Context
My wife asked me to suggest baby names. I wanted something that learns her taste instead of guessing.
Approach
- Aggregated and cleaned 140+ years of SSA records and engineered trend features.
- Built a simple 'quiz' script to collect like/dislike labels.
- Trained several models and averaged their scores to produce recommendations.
Impact
- Generated personalized top 50 name lists for boys and girls.
- Helped us narrow the list when naming our child.
Data and Labeling
I combined Social Security Administration name data with preference labels to build a personalized recommender.
- Aggregated 140+ years of SSA records and added recency/trend features so it doesn’t just recommend the most common names.
- Focused on Colorado to keep suggestions closer to what my wife actually hears day to day.

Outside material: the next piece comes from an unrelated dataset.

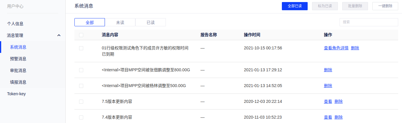 - 系统消息:如版本更新、项目信息变动、权限到期通知等
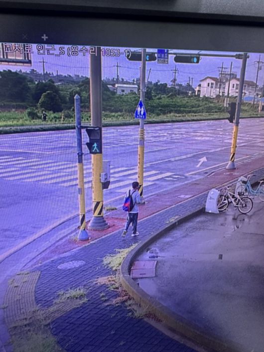 밀입국 피의자가 제주시 한경면 용수리에서 이동하는 모습이 담긴 폐쇄회로(CC)TV 영상. 제주지방해양경찰청 제공 |

- Collected labels through quick quizzes so the model learns her taste over time.
Feature Engineering
- Name shape features: length, vowel/consonant mix, syllable count, start/end vowel flags, and entropy.
- Popularity features: total count, peak year, and recent-count features to capture saturation and momentum.
- A rough origin signal via `langdetect` as a lightweight proxy.
Modeling Strategy
- Trained multiple models (Random Forest, XGBoost, SVM, KNN, plus a deep learning baseline) with randomized hyperparameter search.
- Optimized for weighted F1 to handle class imbalance in 'liked' vs. 'not liked' labels.
- Averaged predictions across models to reduce quirks from any single model.
Recommendation Workflow
- Generated a ranked Top 50 list for boys and girls and exported results for easy review.
- Designed the loop so new feedback becomes new training data.
- Kept it explainable by surfacing which features correlated with higher predicted preference.
What I'd Improve
- Collect more labels and add calibration so probabilities map to real acceptance rates.
- Use name embeddings (character-level or phonetic) instead of hand-crafted features alone.
- Add diversity constraints so recommendations aren’t overly similar to each other.